Team:NTU Taida/Circuit1

From 2014.igem.org

NTU-Taida

Fad System

  • Inspiration :

    A locus (fadL) that is required for the utilization of long-chain fatty acids(LCFA) has been mapped and partially characterized in an Escherichia coli mutant . We have shown that the product of the fadL gene is localized in the outer membrane, forms a specific channel for the uptake of long-chain fatty acids. Derivatives of this mutant that can grow on decanoate(termed fadR) are capable to transport long-chain fatty acids into the cell by fadL and fadR sequence.

  • How it works :

    1 LCFA passes the outer membrane through FadL.

    2 LCFA adsorbs to the periplasmic side of the inner membrane.

    3 LCFA moves to the cytosolic side of the innermembrane by flip-flopmechanism.

    4 FadD abstracts LCFA to synthesize LCFA-CoA which can derepress the fad regulon, including fadL, fadD, and fadE. It is also used in lipid biosynthesis.

    5 Dehydrogenation by FadE produces fatty enoyl-CoA, the first compound in the β oxidation pathway

    Through several assay studying, we conclude that the key component for E-coli to absorb LCFA were FadL and FadR. After absorption, E-coliwill breaks down the fatty acids into acyl-coAs. Acyl-coAs bind to the FadR repressor and free the pfadBA promoter, resulting in the transcription of gene sequences below.

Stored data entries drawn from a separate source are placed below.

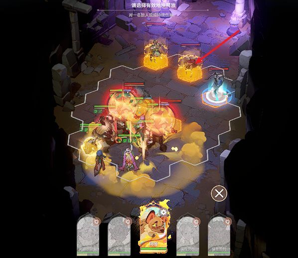 比如这一关,敌方有骨王,如果自动释放大招的话,阿德会先大骨王,导致无法击杀回能。那么就可以把阿德头上的小齿轮关掉,等他亮起来的时候,点击阿德,再选择敌方的后排输出。
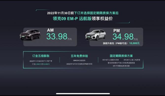 2022年11月30日前下訂并選擇固定期限質保方案后,領克09 EM-P遠航版AM領享權益價為33.98萬元,領克09 EM-P遠航版PM領享權益價為34.98萬元。
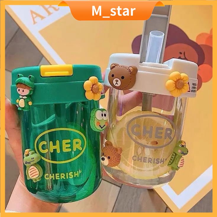 botol minum cher portable 300ml Dengan Sedotan Anti Bocor/Cangkir Kopi Coffee/botol minum anak sekolah mini kecil botol warna botol
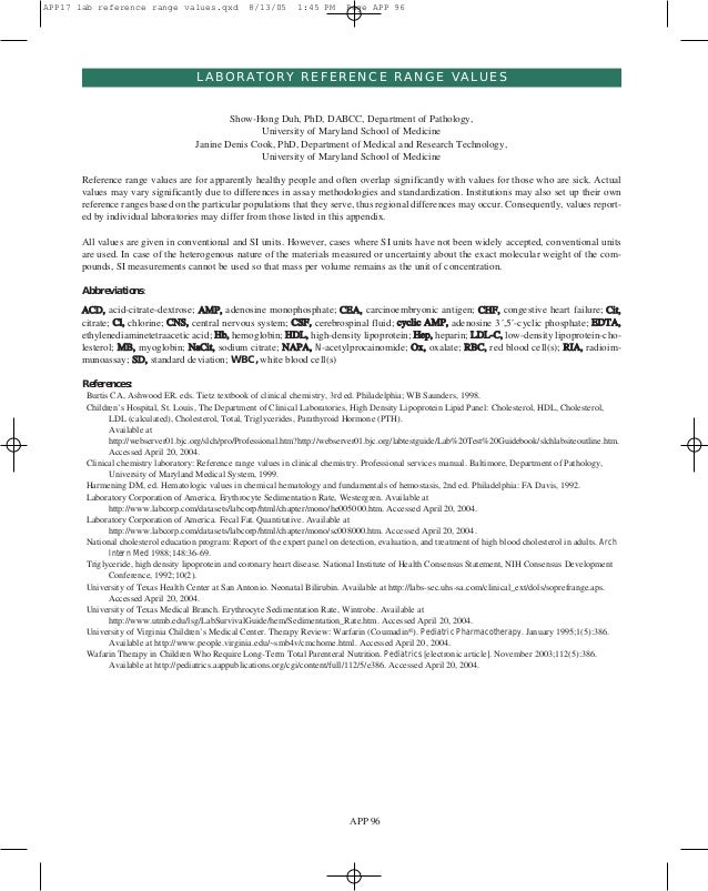 Laboratory Reference Range Values App17
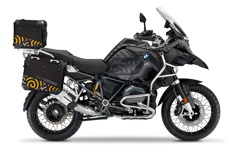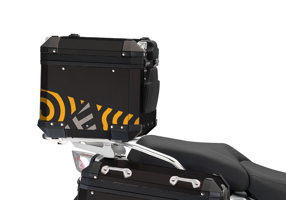Signature Custom Designs FOUR ELEMENTS Series styling kit gives your BMW Black Aluminum Top Box a unique and adventure character.
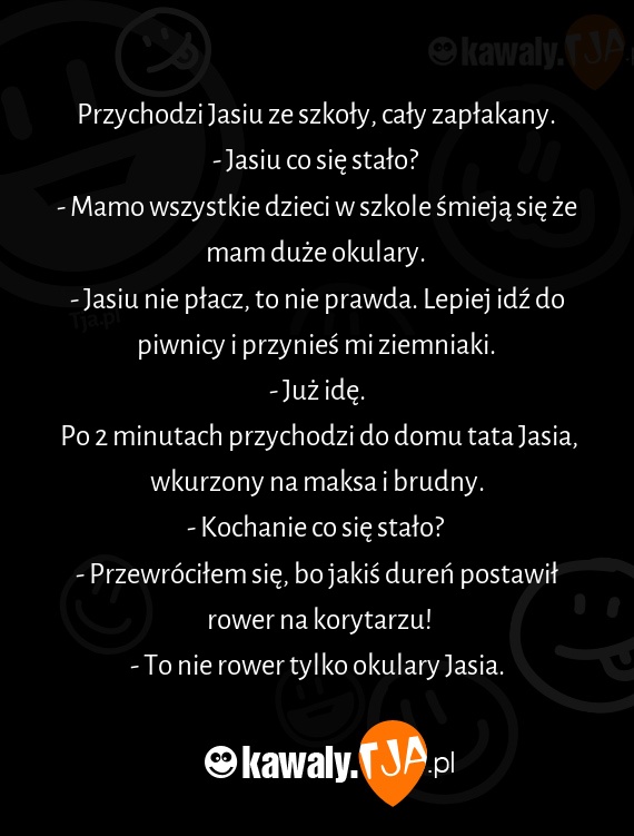 Przychodzi Jasiu ze szkoły, cały zapłakany.
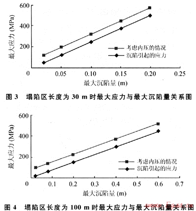 3) 在分別求取了不同的沉陷區(qū)長(zhǎng)度和不同的最大沉陷量計(jì)算最大應(yīng)力值的基礎(chǔ)上,利用最小二乘法求得了相應(yīng)的回歸方程。
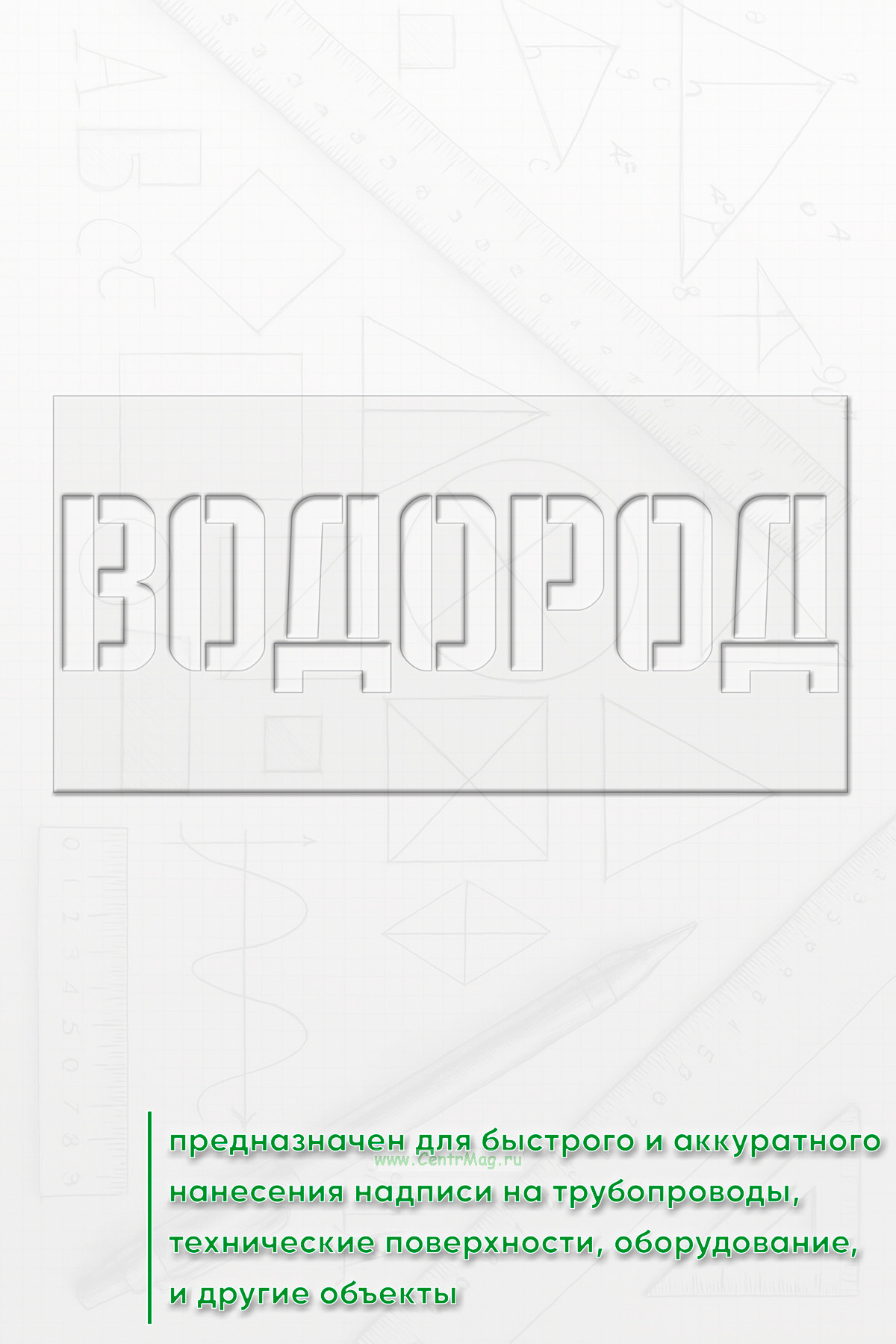 Трафарет "Водород" предназначен для быстрого и аккуратного нанесения надписи на трубопроводы, технические поверхности, оборудование, шкафы и другие объекты.
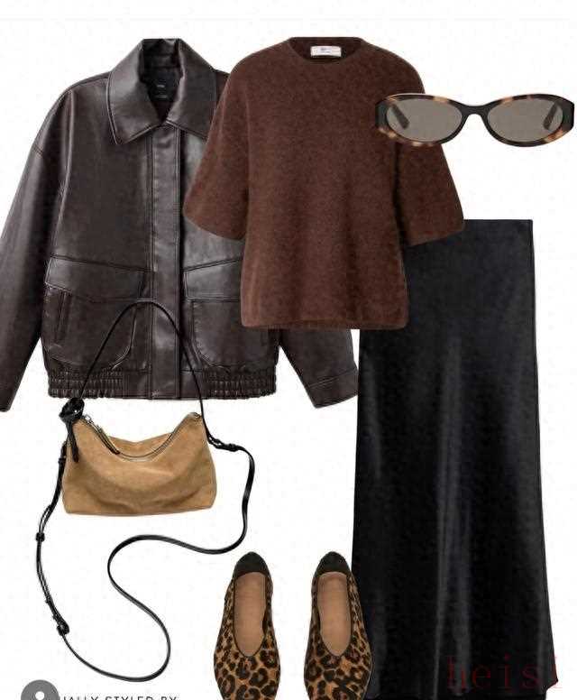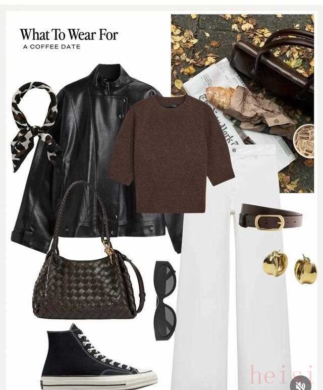 "皮衣选择:" 中长款、略带复古水洗或做旧痕迹的黑色皮夹克。

  • Background Knowledge :

    Exogenous fatty acids and its acid derivatives influence a wide variety of cellular processes. The processes governing the transport of fatty acids from the extracellular milieu across the membrane are distinct from those underpinning the transport of hydrophilic substrates such as sugars and amino acids. Investigations into fatty acid transport must address three central issues, which are unique to this process:

    (i) the low solubility of fatty acids under aqueous conditions;

    (ii) the physical and chemical parameters of fatty acids, which allows them to readily partition into a lipid bilayer; and

    (iii) the identification of membrane-bound and membrane-associated proteins, which are likely to play pivotal roles in this process.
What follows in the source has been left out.